Required action:
None of the pictures should appear; the lines from the line containing "Mit dem Rücksetzer" through the last line of the listing must be repeated exactly.

Stored data:
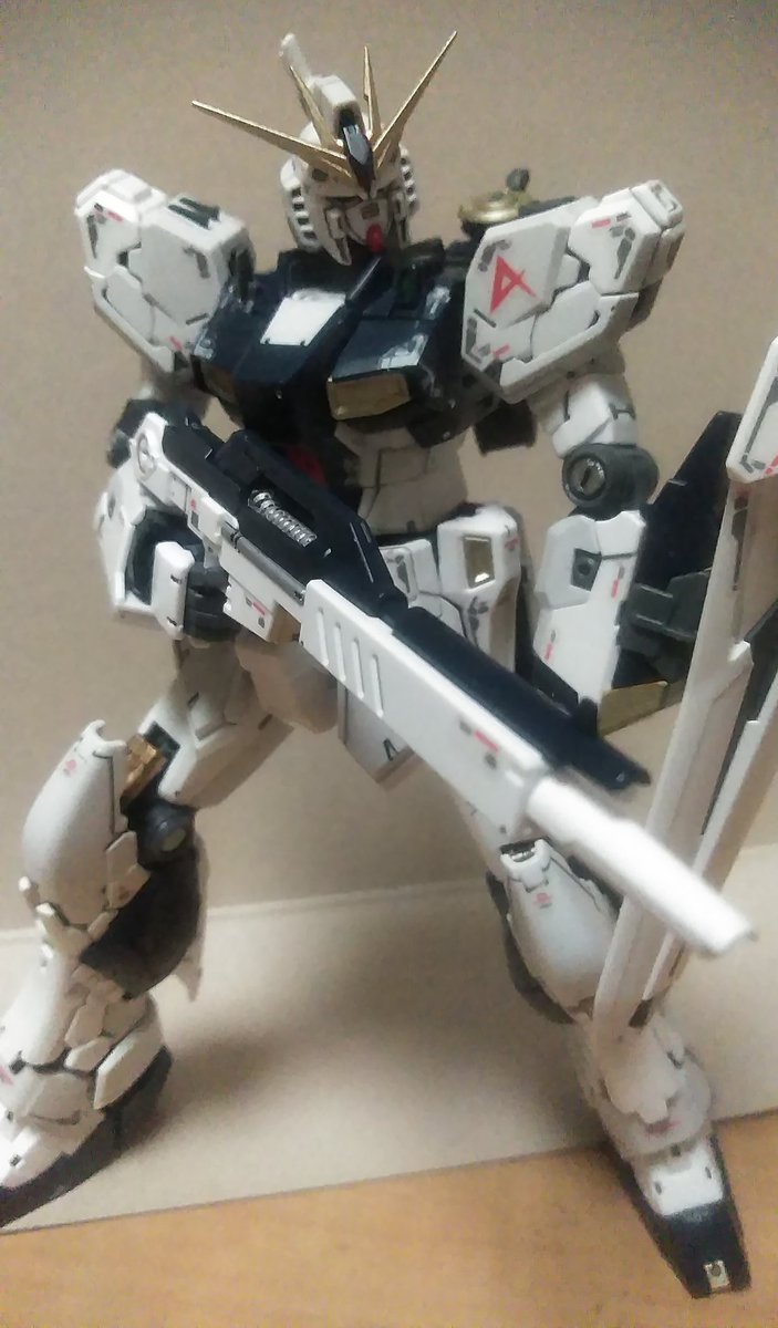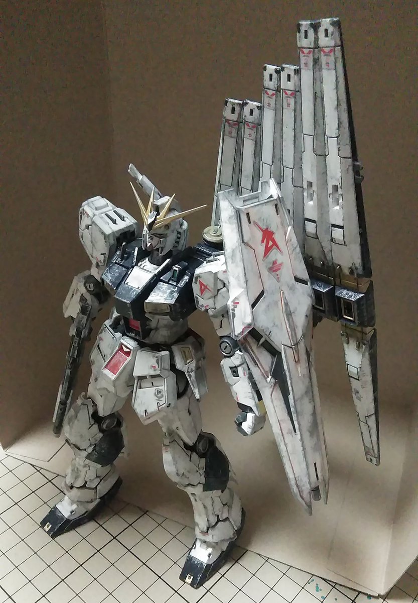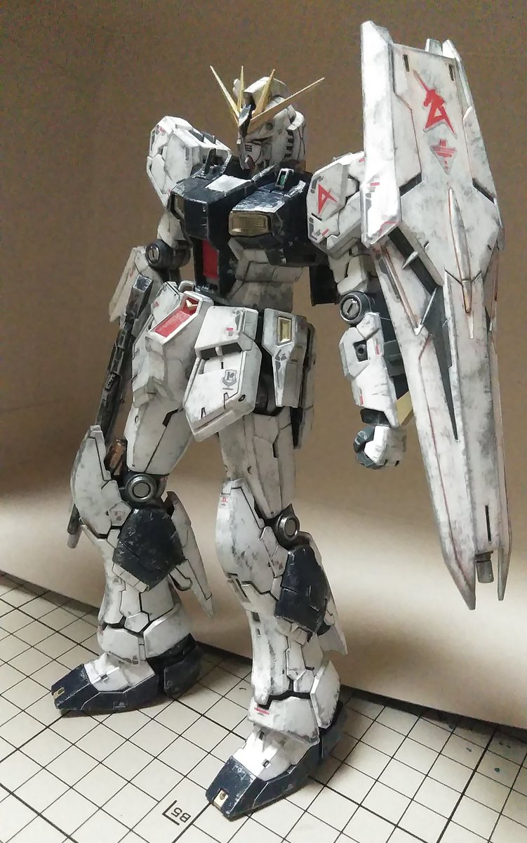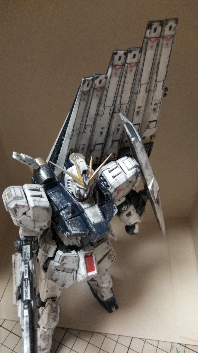 皆様今晩にゃ🎵😊 RGνガンダム完成です。 少々汚しすぎましたが石を押し出す前の死闘のあとです(笑) そのうちチタニウム作って比べます 少しは進化してるかな… #νガンダム #ガンプラの画像を貼るとRTされると聞いて
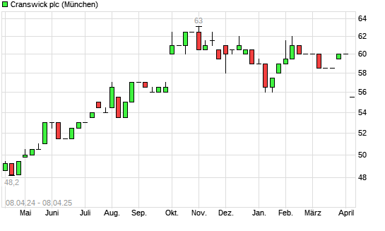 Mit dem Rücksetzer auf 54,00 EUR hat die CRANSWICK-Aktie (ISIN GB0002318888) am 07.04.2025 ein neues 6-Monats-Tief erreicht und damit den Kurs vom 15.01.2025 eingestellt.
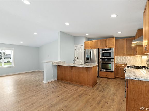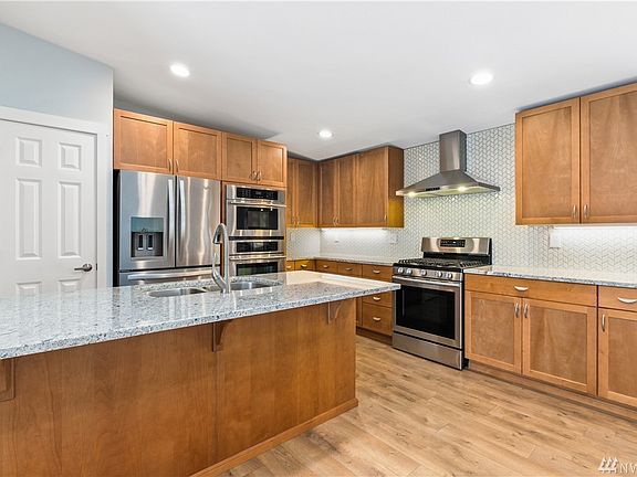 Enjoy this Stunning remodel! Filled with custom details! Open and bright, features granite throughout, Ceramic tile, laminate flooring. Kitchen designed with your inner Chefs in mind! Two ovens, huge granite countertop with seating to accommodate extra guests, stainless steel appliances w/2 ovens Beautiful parklike backyard, features old growth cedars, deck with built in seating. Enjoy your patio and firepit for evening get togethers. Large double lot, .33ac located in town close to everything!
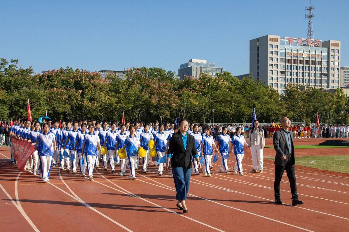 开幕式上,伴随着激昂旋律奏响运动序曲,物科院方阵以整齐划一的步伐铿锵走来,蓝底白字的院旗于阳光下猎猎生风。主席台前,队形灵动变换,啦啦操表演活力绽放,“F=ma,拼搏即‘力’量”“v=s/t,冲刺看‘速’度”的标牌彰显理学巧思,伴着“格物致理,追光逐电,锐意进取,勇夺荣光”的嘹亮口号,物科学子英姿焕发,将理性之美与运动激情熔于一炉,在赛场之上书写别样风采。

Your response:
 Mit dem Rücksetzer auf 54,00 EUR hat die CRANSWICK-Aktie (ISIN GB0002318888) am 07.04.2025 ein neues 6-Monats-Tief erreicht und damit den Kurs vom 15.01.2025 eingestellt.
 Enjoy this Stunning remodel! Filled with custom details! Open and bright, features granite throughout, Ceramic tile, laminate flooring. Kitchen designed with your inner Chefs in mind! Two ovens, huge granite countertop with seating to accommodate extra guests, stainless steel appliances w/2 ovens Beautiful parklike backyard, features old growth cedars, deck with built in seating. Enjoy your patio and firepit for evening get togethers. Large double lot, .33ac located in town close to everything!
 开幕式上,伴随着激昂旋律奏响运动序曲,物科院方阵以整齐划一的步伐铿锵走来,蓝底白字的院旗于阳光下猎猎生风。主席台前,队形灵动变换,啦啦操表演活力绽放,“F=ma,拼搏即‘力’量”“v=s/t,冲刺看‘速’度”的标牌彰显理学巧思,伴着“格物致理,追光逐电,锐意进取,勇夺荣光”的嘹亮口号,物科学子英姿焕发,将理性之美与运动激情熔于一炉,在赛场之上书写别样风采。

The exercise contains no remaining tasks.